I just got a LG 55" 4K  And the smart options are fantastic. I also have a PC hooked up to it but the smart TV works so well I just use that. I think I paid $550
Also the speakers even sound good. Another thing is Video Only will beat any price


----------



## lexluthermiester (Apr 14, 2019)

Good3alz said:


> I would like to make a note, Samsung NU7100 (and probably the NU6900) does _NOT_ have 5g WiFi or bluetooth.


Most people couldn't care less about those kind of features.


----------



## Good3alz (Apr 14, 2019)

dirtyferret said:


> So I picked up a Samsung 50" 7100 on clearance from BJs for $50 less then Best Buy.  I got a BJs membership for $20 on Groupon so the TV cost $349, same as the 6900, but I get an extra year of warranty as opposed to the one year Samsung warranty since BJs also offers two year warranties on TVs sold.  I'll post a review of the TV in a day or two.
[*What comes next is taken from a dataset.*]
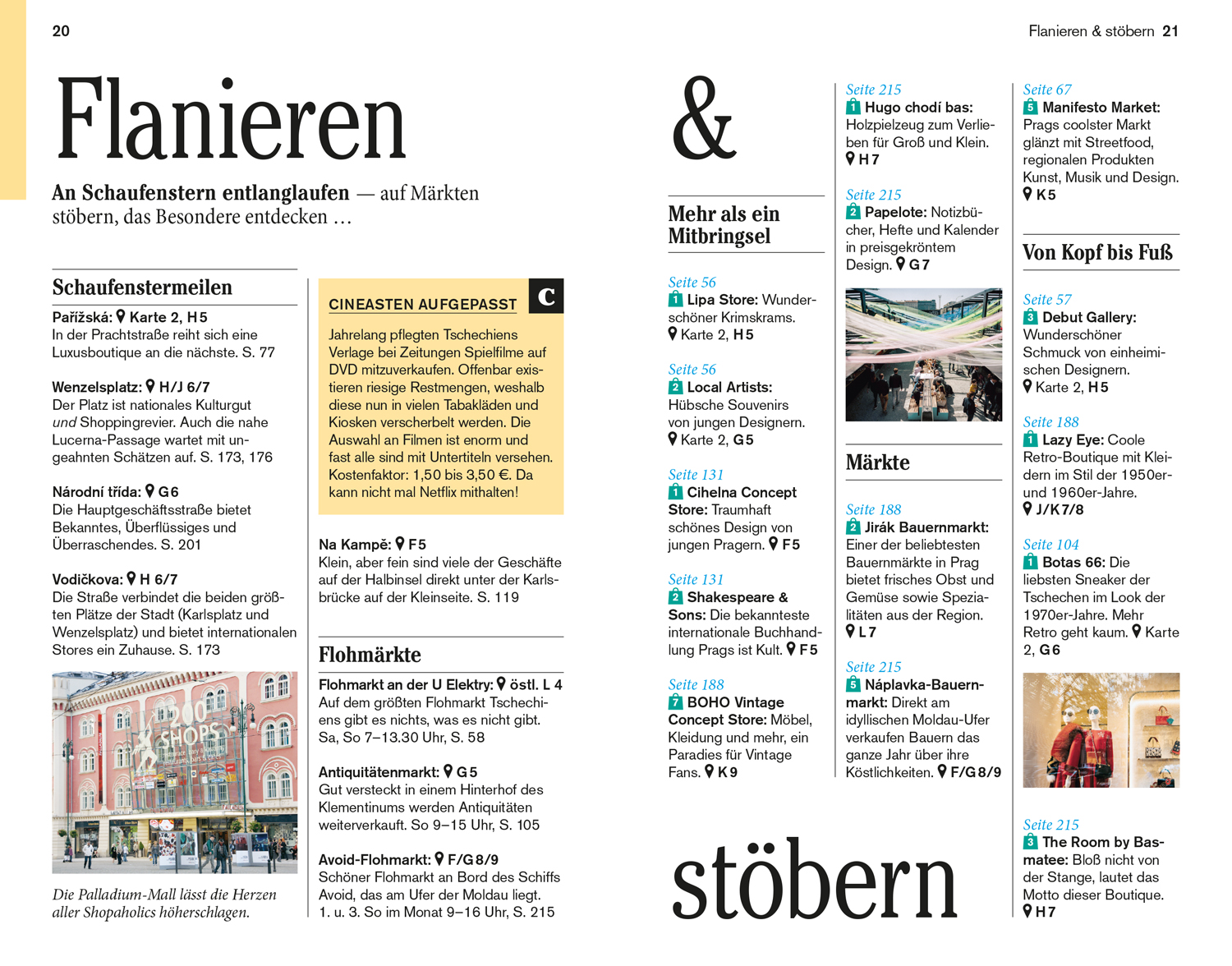Senkrechtstarter, Überflieger, Querfeldein. Vor Ort - die Kapitel: Altstädter Ring und östliche Altstadt, Josefov, die südliche Altstadt, Malá Strana und der Südwesten, Hradschin, rund um den Wenzelsplatz und die obere Neustadt. Das Kleingedruckte (Reiseinfos von A bis Z). Das Magazin. Offene Fragen.

There are some settings you should turn on, Look at the settings changed in rtings on the tv. Turning on '4k' on HDMI etc. There is also a review on amazon where someone showed his settings after adjusting.
PRetty much I did rtings settings and adjusted from there.



lexluthermiester said:


> Most people couldn't care less about those kind of features.


OP mentioned sound bar, some bass speakers on the sound bars use Bluetooth.
If anyone wanted to connect to WiFi on the TV, 2.4 is going to effect buffering and some complained the TV was not able to connect to 5ghz.

No idea why I am explaining this.

But at _this price range_, ALL the TV's are nerfed in there own way.


----------



## dirtyferret (Apr 16, 2019)

OK I'm posting my review, how I ended up purchasing the NU7100, plus some other comments as I haven't had much free time lately. 

Both Vizio and TCL make their own TVs they are some of the few companies that still do (they are not made by LG or Samsung although some other brands use LG/Samsung factories). 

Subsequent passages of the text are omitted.